The counselor of a 15-year-old boy charged with killing four students at his Michigan high school says he told the teen’s parents the morning of the shootings that he believed their son was a threat to himself and needed mental health support.

“I said as soon as possible, today if possible,” Shawn Hopkins testified Thursday in the preliminary examination for Jennifer and James Crumbley. But, he testified, Jennifer Crumbley told him, “today was not an option because they had to return to work.”

“I didn’t want Ethan to be alone at home,” Hopkins added.

Ethan Crumbley is charged as an adult with first-degree murder, assault with intent to murder, terrorism and gun charges in the Nov. 30 shooting at Oxford High School, about 30 miles (50 kilometers) north of Detroit. In addition to the four students slain, six other students and a teacher were wounded.

The judge presiding over the proceedings in Rochester Hills District Court will decide if there’s enough evidence to send the Crumbleys to trial for involuntary manslaughter. They are accused of making the gun used in the shooting available to the teen and failing to intervene when he showed signs of mental distress at home and at school.

On the morning of the shooting, Ethan’s parents were summoned to the school and confronted with his drawings, which included a handgun and the words: “The thoughts won’t stop. Help me.” Authorities said the parents refused to take him home after the 13-minute meeting.

Hopkins testified that he provided Ethan’s parents with a list of mental health support resources at that meeting and that as it was ending Jennifer Crumbley asked, “Are we done?”

“I wrote Ethan a pass back to class,” Hopkins continued. “I told him, ‘I just want you to know I care about you.’ I don’t remember them saying goodbye (to Ethan).”

Earlier Thursday, defense attorneys asked Oakland County sheriff’s Detective Edward Wagrowski whether he thought Jennifer and James Crumbley were aware their son was planning the shooting.

Videos and texts between Ethan and his friend, Brady, in August show Ethan with a gun and inviting Brady to a gun range, said Shannon Smith, Jennifer Crumbley’s attorney.

“The friend is saying things like ‘Nice. Now pull the trigger. jk, jk, jk,’” Smith told Wagrowski, who explained that “jk” is shorthand for “just kidding.”
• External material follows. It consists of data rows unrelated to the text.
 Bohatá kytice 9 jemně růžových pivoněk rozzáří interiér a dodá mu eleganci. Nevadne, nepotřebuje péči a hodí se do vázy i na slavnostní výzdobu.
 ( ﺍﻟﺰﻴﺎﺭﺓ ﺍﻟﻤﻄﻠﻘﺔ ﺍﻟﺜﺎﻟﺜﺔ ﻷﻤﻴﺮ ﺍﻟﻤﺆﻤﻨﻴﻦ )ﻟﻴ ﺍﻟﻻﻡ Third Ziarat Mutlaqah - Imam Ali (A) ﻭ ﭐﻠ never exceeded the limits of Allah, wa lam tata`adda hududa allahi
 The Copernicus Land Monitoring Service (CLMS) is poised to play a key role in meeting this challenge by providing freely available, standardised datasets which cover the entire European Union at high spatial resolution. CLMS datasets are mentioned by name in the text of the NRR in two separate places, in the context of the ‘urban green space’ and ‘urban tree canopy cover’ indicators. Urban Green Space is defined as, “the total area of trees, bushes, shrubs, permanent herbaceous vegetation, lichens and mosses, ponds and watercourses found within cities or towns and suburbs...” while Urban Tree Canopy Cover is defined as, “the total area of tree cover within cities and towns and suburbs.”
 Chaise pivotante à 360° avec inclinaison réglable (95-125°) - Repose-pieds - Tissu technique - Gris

“Ethan responds about how his dad left the gun out but Ethan knows gun safety so its no problem. And then he says: ‘Now, it’s time to shoot up the school. JK JK JK JK,’” Smith said.

“This conversation existed between Ethan and his friend, but there is not any kind of conversation like this between Ethan and his mother or Ethan and his father?” Smith asked, to which Wagorwski responded “no.”
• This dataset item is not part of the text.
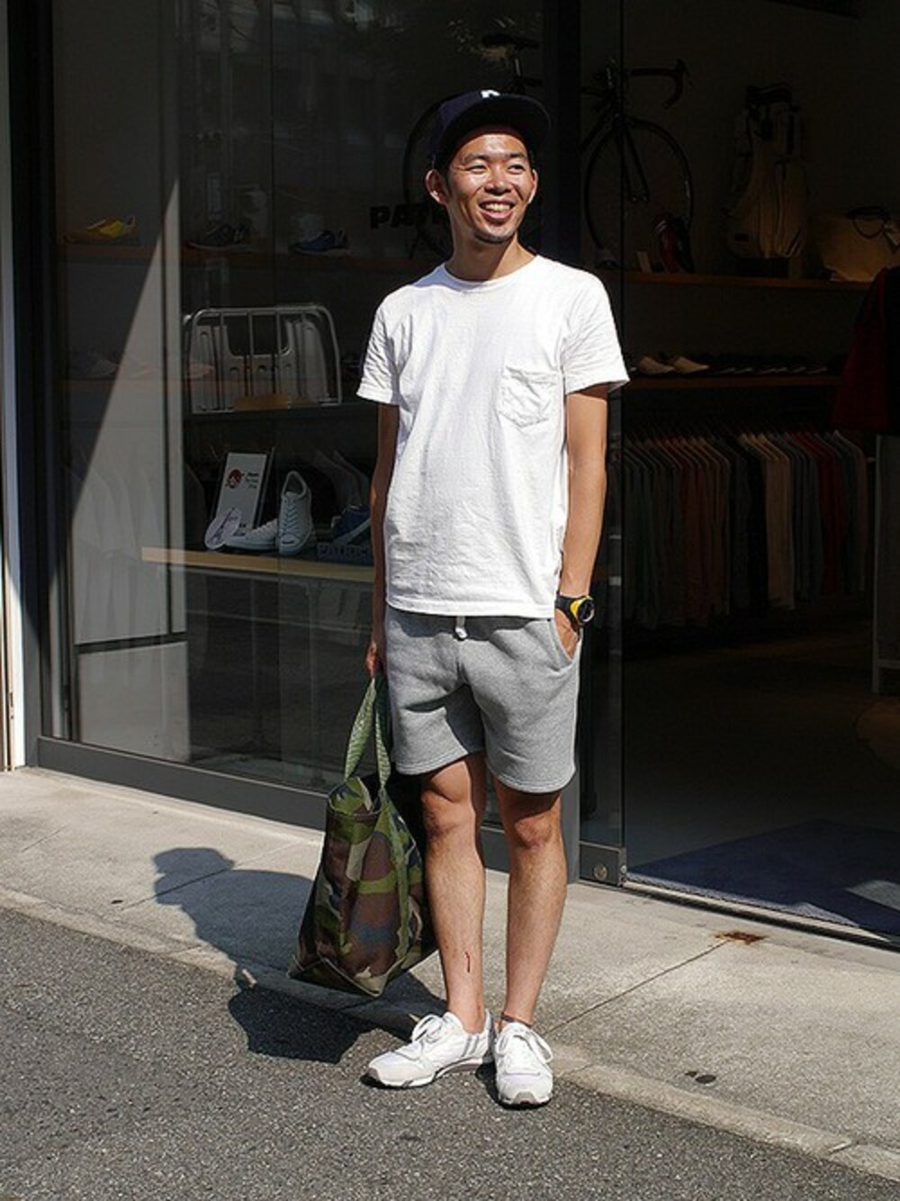 お久しぶりですっ!! 久々の投稿になてしまいました・・・ 白をベースにラフコーデ♪♪ こんだけ暑いと、長パンツも穿いてられません。もう半パンが欠かせません!! 最近はロードバイクにすっかりハマッてしまって、いい感じに焼けてきました。笑 より白コーデが際立ちます!笑 因みに、このホワイトスニーカー・・・とっても履きやすく疲れ知らず!! これは本当にオススメの一足なので、是非試して頂きたいですね。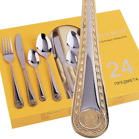Набор столовых приборов MAYER&BOCH на 6 персон выполнен из высококачественной нержавеющей стали, ручки приборов имеют глянцевую полировку и декорированы изящным золотым орнаментом. Набор из 24-х предметов включает в себя: 6 столовых ложек, 6 вилок, 6 ножей и 6 чайных ложек. Благодаря качественной полировке, изделия сохраняют прекрасный внешний вид на долгое время. Набор обладает не только оригинальным дизайном, но и практичностью, так как изделия из качественной нержавеющей стали имеют высокую прочность, устойчивость к коррозии, кроме того, нержавеющая сталь экологична, она не меняет вкусовые свойства еды, потому как не вступает в реакцию с ее компонентами. Упакованный в красочную подарочную коробку такой набор безусловно станет прекрасным подарком для любой хозяйки и украсит ваш праздничный стол. Подходит для мытья в посудомоечной машине.

But prosecutors alluded to a disconnect between Ethan and his parents, including texts to his friend in which he talks about his “dark side.”

“In a text on April 5, 2021, Ethan writes: ‘Now my mom thinks I take drugs. Like she thinks the reason why I’m so mad and sad all the time is because I take drugs, and she doesn’t worry about my mental health,’” assistant prosecutor Marc Keast said. “And then he writes: ’They make me feel like I’m the problem.’”
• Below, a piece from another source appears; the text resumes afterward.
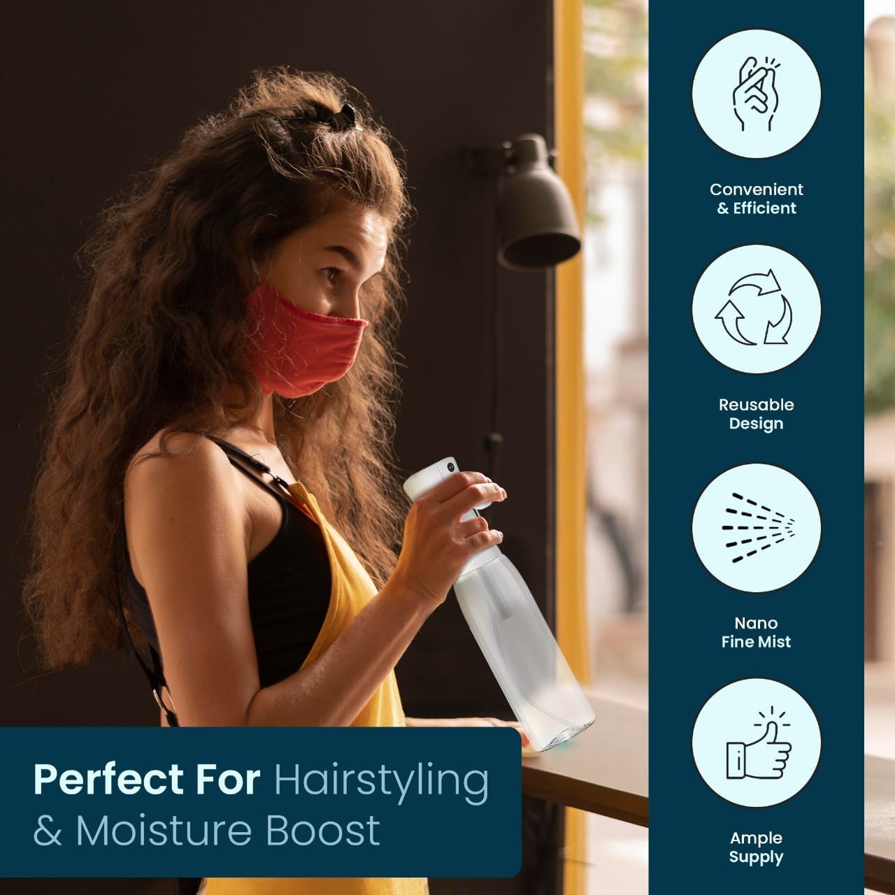 - Ergonomic and Quiet: Designed for comfort with a secure grip, this leak-proof and super quiet continuous spray bottle is convenient for use anywhere.

A day before the shooting, the school left a voicemail for Jennifer Crumbley informing her that a teacher was concerned that Ethan had been searching for ammunition online using his phone. A sheriff’s office computer crimes investigator testified Feb. 8 at the couple’s preliminary examination that she later asked her son in a text if he “at least” showed school officials a photo of the gun the parents gave Ethan as an early Christmas gift.

The Crumbleys are jailed on $500,000 bond. The case against them is highly unusual because parents are rarely held criminally responsible for teens accused in mass school shootings.

The Crumbleys’ attorneys have insisted the couple didn’t know their son might be planning an attack and didn’t make the gun easy to find in their home.

Last month, Ethan Crumbley’s attorneys filed a notice of an insanity defense.

He is lodged alone in a cell in the Oakland County Jail’s clinic to keep him from seeing and hearing adult inmates. Defense attorneys want him moved to a juvenile facility, but prosecutors say he would pose a potential risk of harm to the safety of other juveniles.

An Oakland County Circuit Court judge said during a hearing for Ethan Crumbley on Tuesday that he expected to have a ruling by early next week on whether the teen will remain in the adult jail or be transferred to the county’s Children’s Village.

Williams reported from West Bloomfield, Michigan.